I’m shit at dating, but sometimes I can convince someone to get dinner with me. Then what? Let me set the scene for you:
INT. CENTRO BUS — EVENING
HER, an attractive twenty-something, who loves country music, rides the BUS beside CLUELESS IDIOT, nervous.
This is my stop. Thanks for taking me out tonight.
I can walk you back if you like.
Are you kidding? It’s all the way up all those stairs; it’d be silly to make you walk up and down like that.
All right, well I had a lot of fun. Want to do this again sometime?
Oh absolutely we will. I promise.
There is probably some obvious sign there, which I’m just too thick to see. Still hoping for a follow up date though, assuming it even was a date. As I write this I realize that it probably was one, but that the semantics shouldn’t matter. All the same, I get to thinking: are there any dead giveaways that you are on a date, not just out as friends?
I’m sure in some corner of the Internet, someone has the answer, and I’m determined to find it. Turns out there are plenty of people blogging about the subject – mostly women writing for other women, like the confusion is somehow my fault.

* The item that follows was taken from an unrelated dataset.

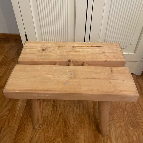 Puinen ja valkoinen, ollut koristeena makuuhuoneessa.
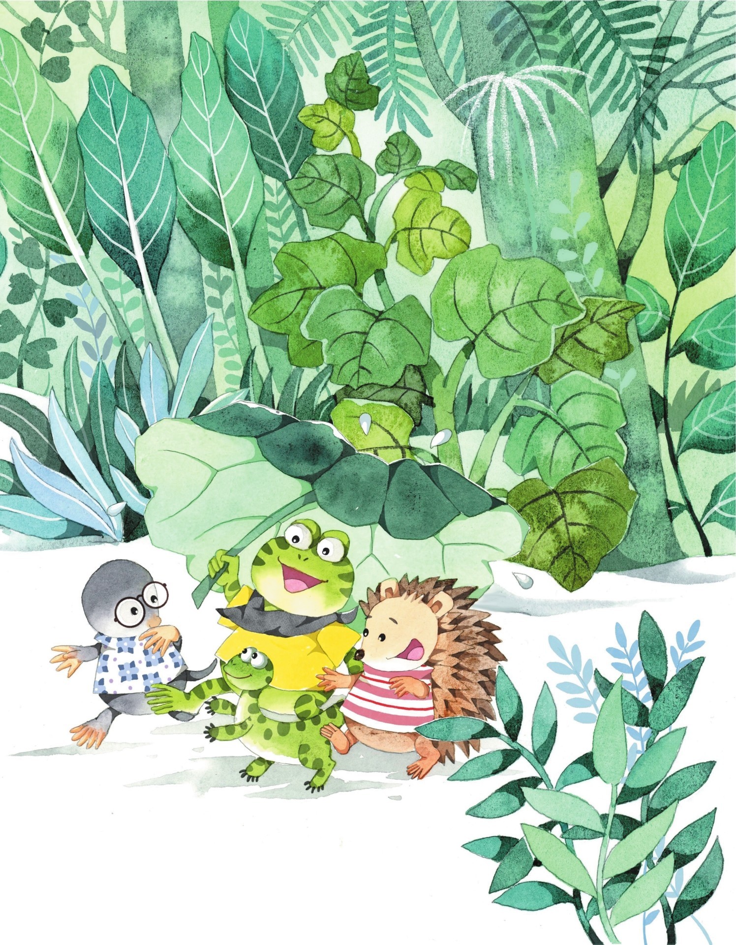 他们走到一棵牛蒡草边上,看见小刺猬、小鼹鼠和抱着脑袋的小蜥蜴正在躲雨。牛蒡草叶子太稀少,雨点儿还是无情地浇在他们的头上。

The general consensus is if you offer to pay for dinner, and you smell nice, you’re on a date. It’s all very scientific.
I decide that this is important enough to bother my friends with. Their responses vary. Some say one-on-one time with Her is automatically a date. Others say it’s only a date if I kiss Her.
Instead of clearing things up, I find I may have committed a major breach of protocol by not going for the goodnight kiss. Never the less, one friend actually has detailed instructions for people like me:
- Establish eye contact
- Move closer
- Tilt head and close eyes
- Stop and await response
I’m told the last step is the most important: you can’t have a good kiss without reciprocity.

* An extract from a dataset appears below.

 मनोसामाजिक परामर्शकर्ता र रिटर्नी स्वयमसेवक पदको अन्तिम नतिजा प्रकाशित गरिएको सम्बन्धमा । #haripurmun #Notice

“If you’re gonna make a move, you go 90% and make her go the other 10 if you’re gonna kiss her,” my helpful friend explains, “then you know she’s into you.” This is the best advice I’ve been given on the subject.
Another buddy tells me to track down the lobster from the little mermaid – the one that sings Lalalala, go on and kiss the girl – maybe it can give me the encouragement I needed. We’re in BJ’s when he tells me this, so naturally we stop by the live seafood tank to see if they sell crustaceans that could pose as my wingman. It seemed like a more plausible idea while I was drunk.

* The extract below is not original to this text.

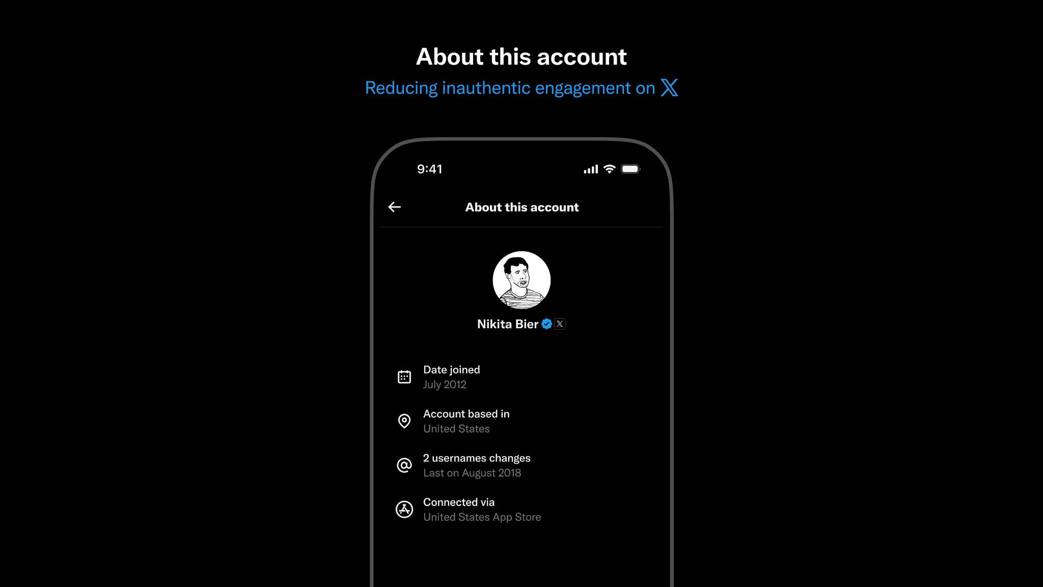 في خطوة جديدة نحو تعزيز الثقة والمصداقية، أعلنت منصة «إكس» (تويتر سابقاً) عن بدء اختبار ميزة جديدة تحت اسم «About this account» (حول هذا الحساب)، تتيح للمستخدمين معرفة معلومات تفصيلية عن الحسابات، بما في ذلك تاريخ إنشاء الحساب، والدولة التي يستند إليها الحساب، والمتجر الذي تم إنشاء الحساب من خلاله مثل «متجر تطبيقات أبل-الولايات المتحدة» (United States App Store) وعدد تغييرات اسم المستخدم السابقة وتاريخ آخر تعديل.

It isn’t until I remember that lobsters don’t really talk that it hits me: here I am, thinking about whether I should’ve kissed Her, while I’m not even entirely sure if it was a date. But instead of shrugging it off like a normal human being, I’m sobering up in a chain retailer trying to pick out an anthropomorphic sea creature who can do the legwork for me. Not only am I definitely overthinking it, but also I’m probably the reason that women write these, “Am I on a date?” articles. My God, I am the problem.